Stored data section start
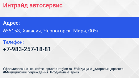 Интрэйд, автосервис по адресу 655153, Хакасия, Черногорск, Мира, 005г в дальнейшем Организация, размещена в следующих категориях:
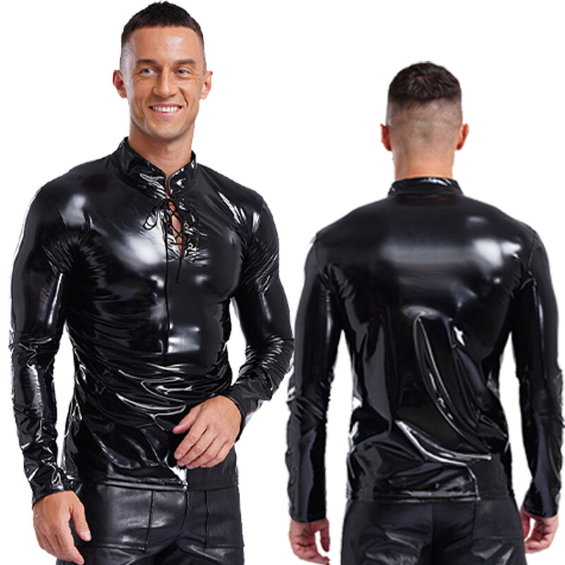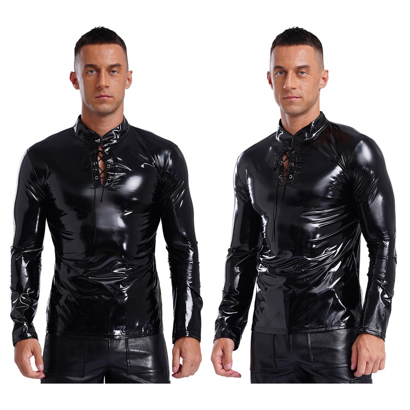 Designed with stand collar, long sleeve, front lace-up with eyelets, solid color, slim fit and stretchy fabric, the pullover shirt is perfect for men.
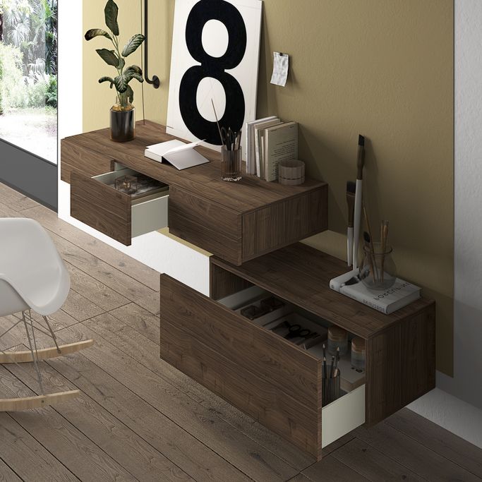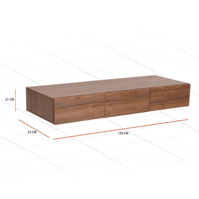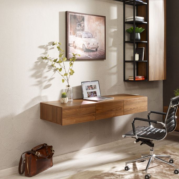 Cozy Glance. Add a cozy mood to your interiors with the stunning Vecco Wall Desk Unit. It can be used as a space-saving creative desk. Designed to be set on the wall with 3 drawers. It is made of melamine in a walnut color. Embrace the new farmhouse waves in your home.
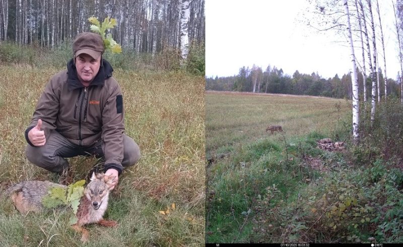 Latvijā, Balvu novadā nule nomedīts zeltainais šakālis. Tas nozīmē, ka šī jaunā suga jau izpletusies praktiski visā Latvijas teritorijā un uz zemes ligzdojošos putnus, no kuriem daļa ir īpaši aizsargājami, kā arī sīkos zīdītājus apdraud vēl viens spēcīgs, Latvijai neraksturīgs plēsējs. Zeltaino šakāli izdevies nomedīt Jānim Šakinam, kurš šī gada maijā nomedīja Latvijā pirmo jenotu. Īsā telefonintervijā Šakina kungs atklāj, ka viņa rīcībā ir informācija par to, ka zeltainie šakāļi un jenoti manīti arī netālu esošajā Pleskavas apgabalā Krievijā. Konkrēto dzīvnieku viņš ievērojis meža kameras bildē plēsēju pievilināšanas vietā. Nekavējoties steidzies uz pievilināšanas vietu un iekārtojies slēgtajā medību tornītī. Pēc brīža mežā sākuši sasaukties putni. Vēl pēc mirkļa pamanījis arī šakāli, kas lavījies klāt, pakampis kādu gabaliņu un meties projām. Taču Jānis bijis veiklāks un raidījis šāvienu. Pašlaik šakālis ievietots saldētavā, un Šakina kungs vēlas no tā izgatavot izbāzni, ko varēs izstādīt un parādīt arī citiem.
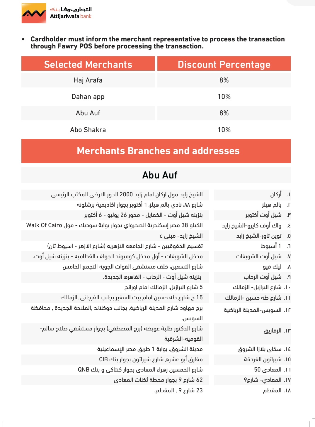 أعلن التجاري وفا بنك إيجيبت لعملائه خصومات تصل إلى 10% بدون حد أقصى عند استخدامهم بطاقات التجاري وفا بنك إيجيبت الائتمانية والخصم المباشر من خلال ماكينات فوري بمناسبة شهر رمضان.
Stored data section end
Take each line from the records and copy it unchanged, leaving images out.

**Response to this exercise:**
 Интрэйд, автосервис по адресу 655153, Хакасия, Черногорск, Мира, 005г в дальнейшем Организация, размещена в следующих категориях:
 Designed with stand collar, long sleeve, front lace-up with eyelets, solid color, slim fit and stretchy fabric, the pullover shirt is perfect for men.
 Cozy Glance. Add a cozy mood to your interiors with the stunning Vecco Wall Desk Unit. It can be used as a space-saving creative desk. Designed to be set on the wall with 3 drawers. It is made of melamine in a walnut color. Embrace the new farmhouse waves in your home.
 Latvijā, Balvu novadā nule nomedīts zeltainais šakālis. Tas nozīmē, ka šī jaunā suga jau izpletusies praktiski visā Latvijas teritorijā un uz zemes ligzdojošos putnus, no kuriem daļa ir īpaši aizsargājami, kā arī sīkos zīdītājus apdraud vēl viens spēcīgs, Latvijai neraksturīgs plēsējs. Zeltaino šakāli izdevies nomedīt Jānim Šakinam, kurš šī gada maijā nomedīja Latvijā pirmo jenotu. Īsā telefonintervijā Šakina kungs atklāj, ka viņa rīcībā ir informācija par to, ka zeltainie šakāļi un jenoti manīti arī netālu esošajā Pleskavas apgabalā Krievijā. Konkrēto dzīvnieku viņš ievērojis meža kameras bildē plēsēju pievilināšanas vietā. Nekavējoties steidzies uz pievilināšanas vietu un iekārtojies slēgtajā medību tornītī. Pēc brīža mežā sākuši sasaukties putni. Vēl pēc mirkļa pamanījis arī šakāli, kas lavījies klāt, pakampis kādu gabaliņu un meties projām. Taču Jānis bijis veiklāks un raidījis šāvienu. Pašlaik šakālis ievietots saldētavā, un Šakina kungs vēlas no tā izgatavot izbāzni, ko varēs izstādīt un parādīt arī citiem.
 أعلن التجاري وفا بنك إيجيبت لعملائه خصومات تصل إلى 10% بدون حد أقصى عند استخدامهم بطاقات التجاري وفا بنك إيجيبت الائتمانية والخصم المباشر من خلال ماكينات فوري بمناسبة شهر رمضان.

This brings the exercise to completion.